Adorable. I wish they were in my area


----------



## DUSTBUNNY-CLYDE (Jul 23, 2013)

I wish you could take them too. they are so personable and loveable. I'm meeting my fiancée friends here in a little and I hope they give these little guys a good home. I told them if there's any problems , to give the bunnies to me instead of sticking them outside or taking them to the shelter.


----------



## Azerane (Jul 24, 2013)

Good on you for really working hard to find them a good home, and especially offering to take them back in for a bit if it doesn't work out with them. Best of luck, I hope he adopts them


----------



## DUSTBUNNY-CLYDE (Jul 24, 2013)

BAD NEWS!! the family was half way home and the dad and one of the boys started wheezing!!! We tried at least!!  I met the bunnies and they are just darling. My friends brother is neglecting them some!!  We returned the bunnies to him. Before I left I clipped their nails!! They were actually curling under. Never saw that before. I also made him clean the litter boxes and we gave them a butt bathe. They really need a good home!!!! These guys are about 10 lbs. a piece. Super friendly and outgoing. You can pick them up and they don't mind at all.
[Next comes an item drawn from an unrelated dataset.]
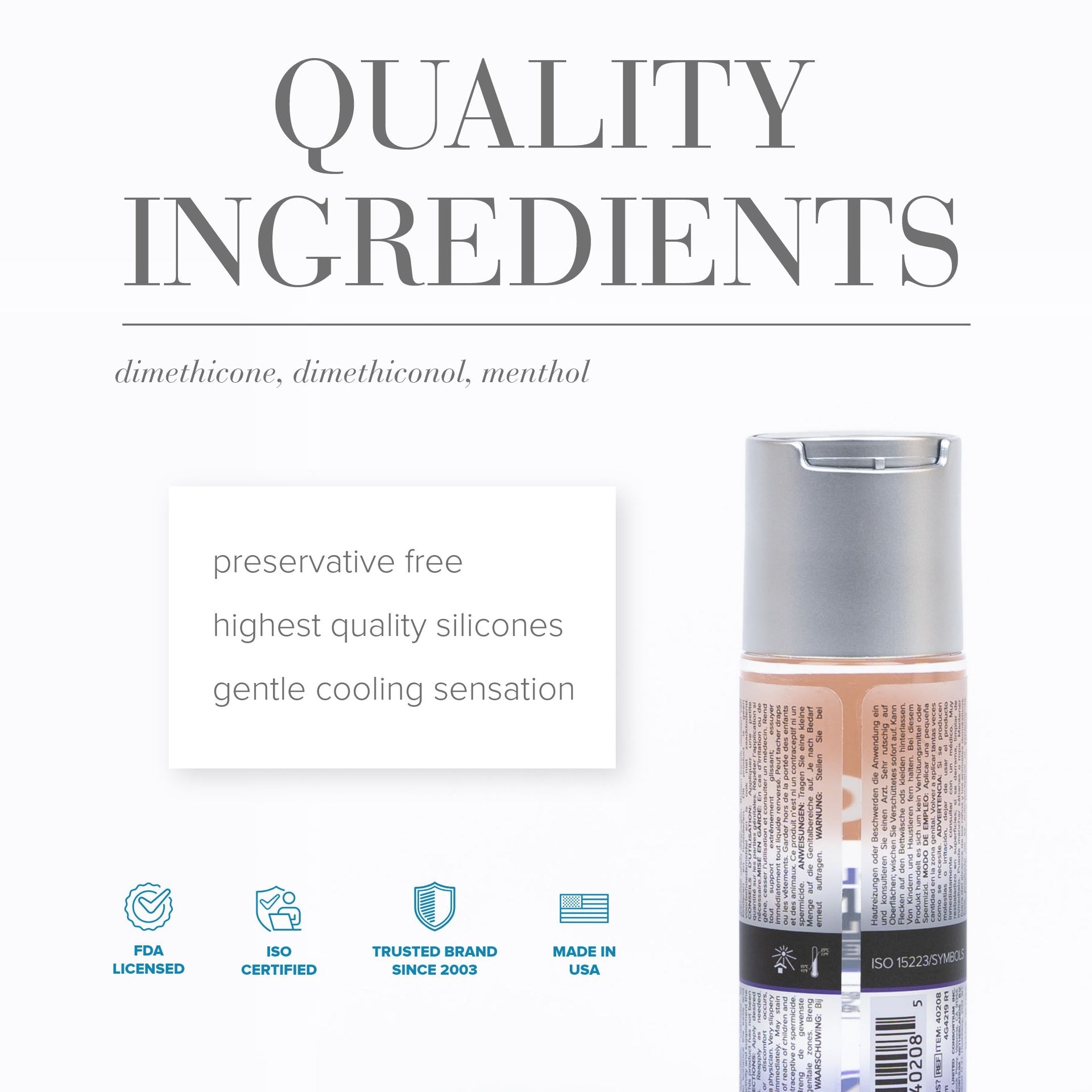JO Premium Anal Cooling is our luxurious, silicone-based formula designed to reduce friction during anal sex and more intense play. With its buttery smooth texture and long-lasting glide, JO Premium Anal Cooling is perfect for extended sessions when you want to feel every movement. The gentle cooling sensation adds a tantalizing tingle to every touch and caress. Its carefully balanced formula even dries to a sumptuous soft-touch finish that leaves your skin feeling soft and moisturized. This water resistant silicone-based formula stays where you put it.

Did wonderful with the kids!!! My fiancée and I are still discussing at least fostering them???? Until we find a permanent home!!! Please help me find them a forever home rabbit forum friends!!!


----------



## Azerane (Jul 24, 2013)

Aww, I'm so sorry to hear that. It seems that many people are allergic to rabbit fur, more than other types it seems. I'm so sorry it didn't work out.


----------



## Ilovemyrabbit (Jul 24, 2013)

I'm so sorry it didn't work out for them.  I really hope they find a good home.


----------



## bunnbunn (Jul 25, 2013)

Hope they find a home soon. So glad i'm not allergic.


----------